Converting Markup to HTML

One key part is missing before we can do glue everything together, and that is to convert our Markup data types to Html.

We'll start by creating a new module and import both the Markup and the Html modules.

module Convert where

import qualified Markup
import qualified Html

Qualified Imports

This time, we've imported the modules qualified. Qualified imports means that instead of exposing the names that we've defined in the imported module to the general module name space, they now have to be prefixed with the module name.

For example, parse becomes Markup.parse. If we would've imported Html.Internal qualified, we'd have to write Html.Internal.el which is a bit long.

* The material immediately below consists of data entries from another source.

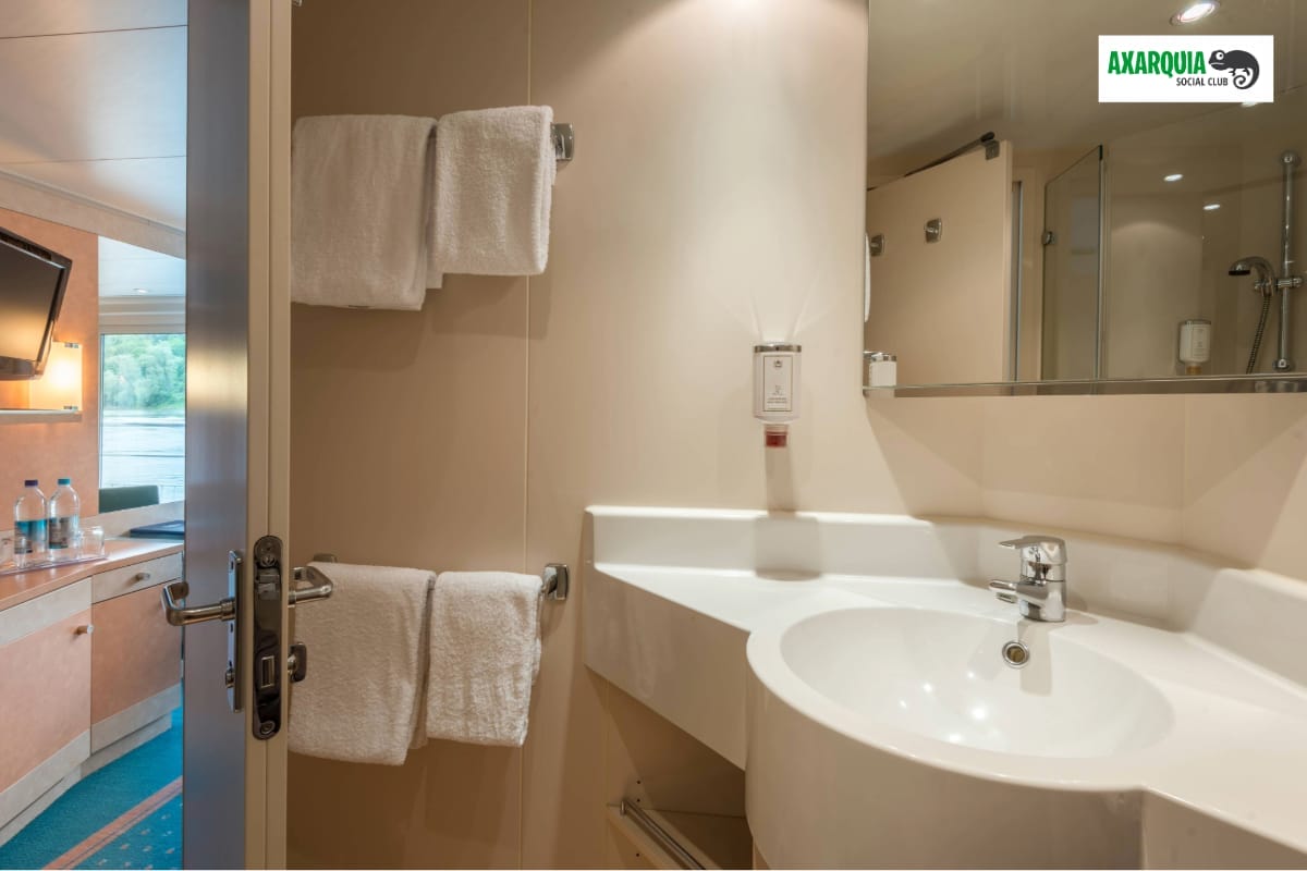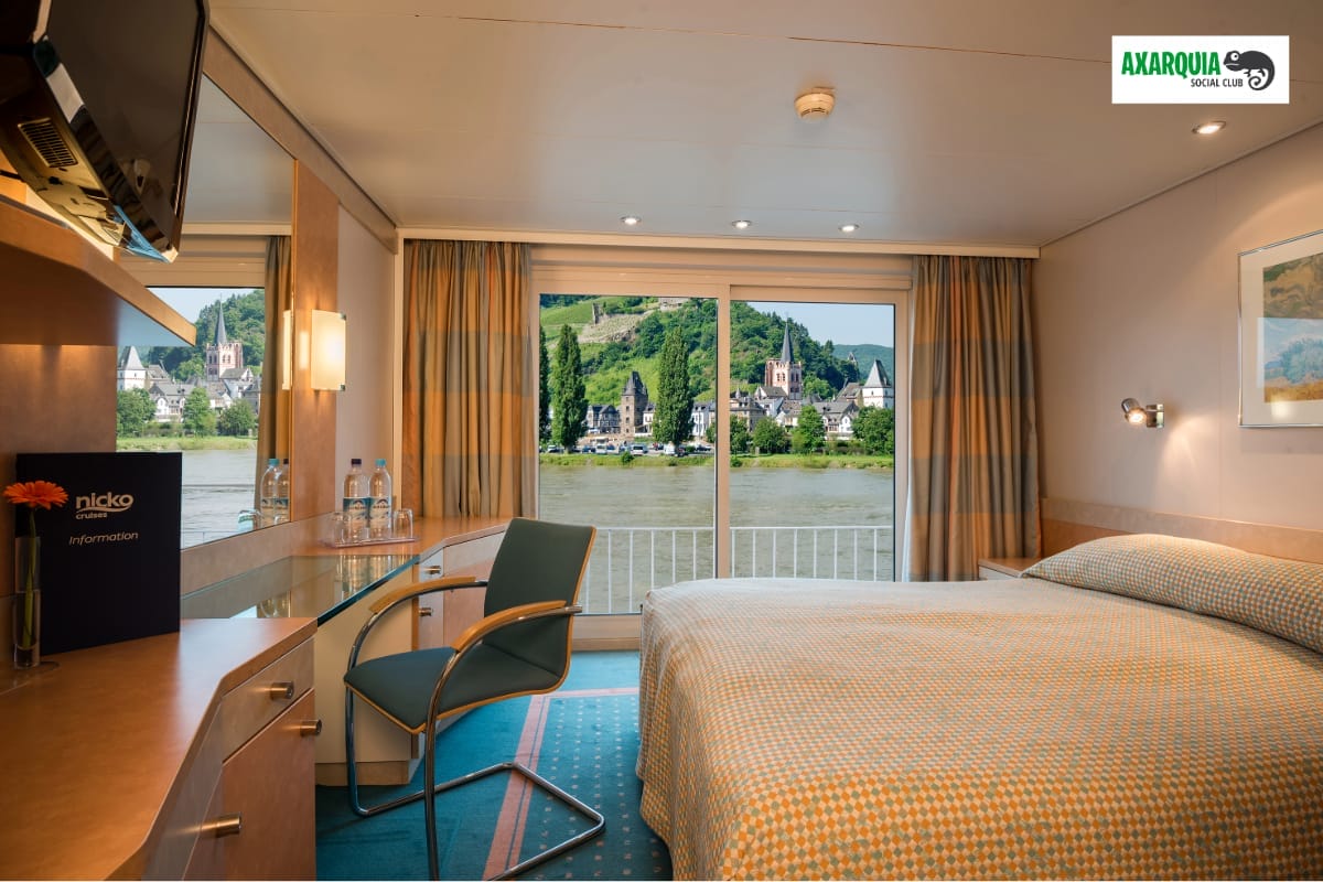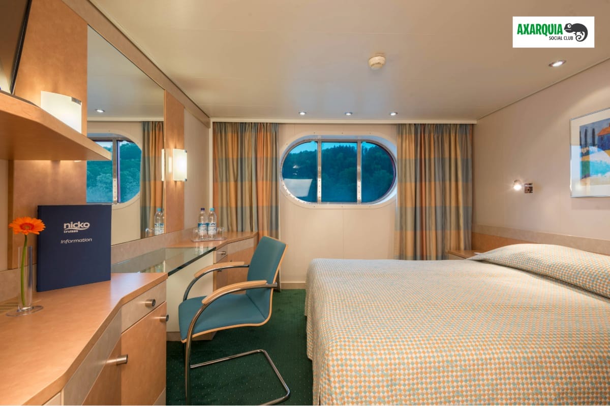 The cabins on the middle and upper deck have floor-to-ceiling panoramic windows that open (French Balcony).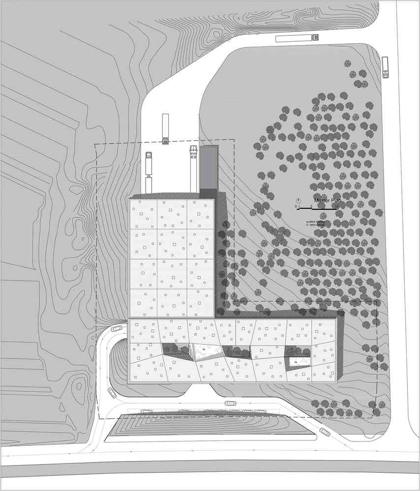 در داخل بنا ، تمامی کاربری ها در فضایی باز و بدون مانع چیده شده و با پارتیشن های شیشه ای از هم جدا می شوند. ساختمان این پروژه از سمت بزرگراه همانند یک حجم بتنی چین خورده بدون مدخل و باز شدگی که فعالیتهای داخل آن را مشخص کند، دیده می شود.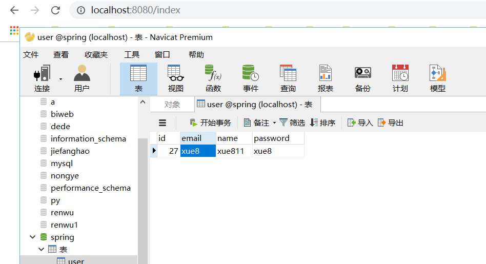 我们在IDEA运行后,在浏览器中输入http://localhost:8080/index,即可在数据库中发现数据已插入。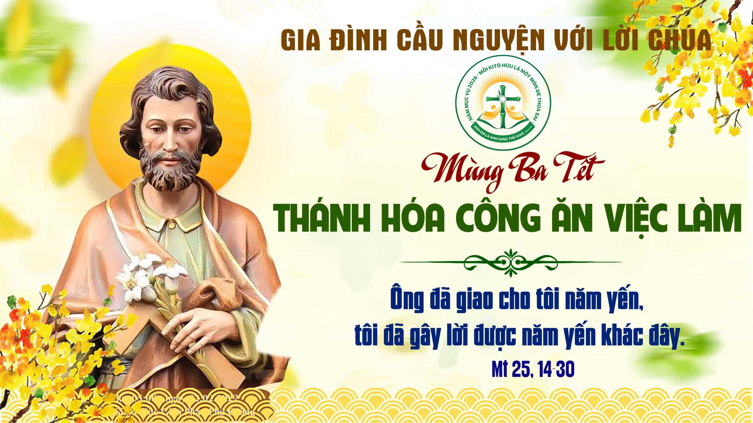 Mồng Ba Tết là ngày mà Giáo Hội Việt Nam muốn dành riêng để thánh hóa công ăn việc làm. Trong bài Tin Mừng hôm nay, ta có thể hiểu ông chủ ở đây chính là Thiên Chúa và những đầy tớ là mỗi người trong chúng ta. Khi được sinh ra trên đời, Thiên Chúa đã trao ban cho mỗi người một khả năng riêng, để mỗi người phát triển hay sinh lợi.Rồi sẽ đến lúc Thiên Chúa tính sổ với mỗi người và Người sẽ ban thưởng hạnh phúc đời đời cho những ai đã cố gắng làm sinh lợi từ những ân huệ Chúa ban.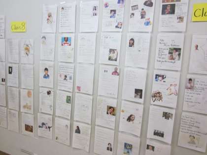 北棟5階のサブアリーナ前の通路には,7年英語科の学習成果が展示されています。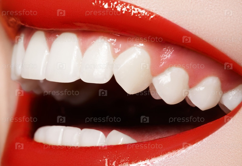 Улыбка. Красивые, белые, здоровые зубы крупным планом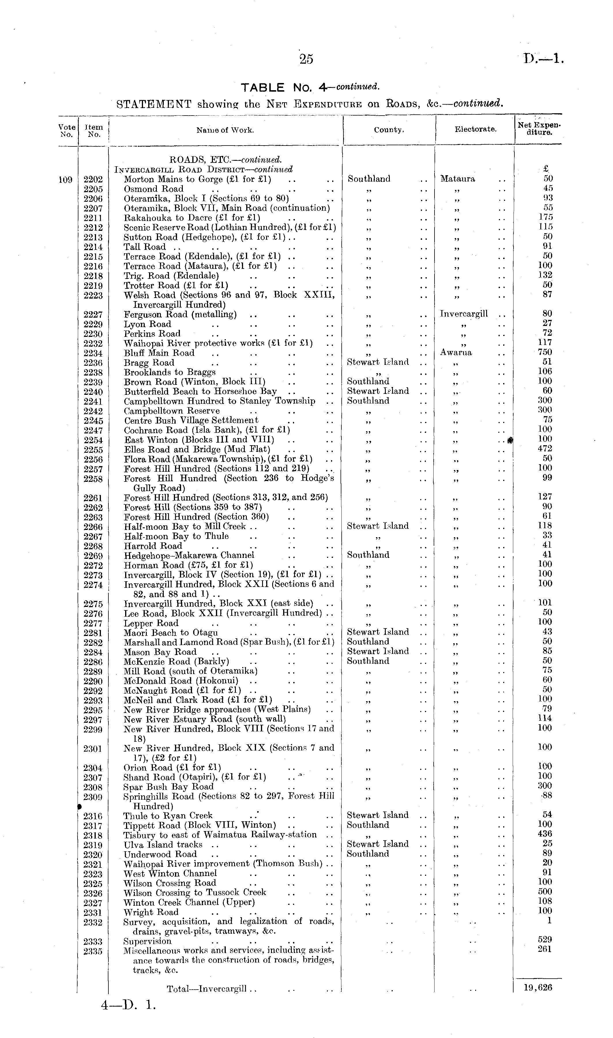 TABLE No. 4— continued. STATEMENT showing the Net Expenditure on Roads, &c. — continued.

We can also give a new name to the module to be used instead with the as keyword:

import qualified Html.Internal as HI

And now write HI.el instead.

I like using qualified imports because readers do not have to guess where a name came from. Some modules are even designed to be imported qualified. For example, many container APIs such as maps, sets and vectors have very similar API. If we want to multiple containers in a single module we pretty much have to use qualified imports so that when we write a function such as singleton, which creates a container with a single value, GHC will know to which singleton function from which module we are referring.

Some people prefer to use import lists instead of qualified imports as well, because qualified names can be a bit verbose and noisy. I usually prefer them, but up to you. For more information about imports, see this wiki article.

Converting Markup.Structure to Html.Structure

Converting a markup structure to an HTML structure is mostly straightforward at this point, we need to pattern match on the markup structure and use the relevant HTML API.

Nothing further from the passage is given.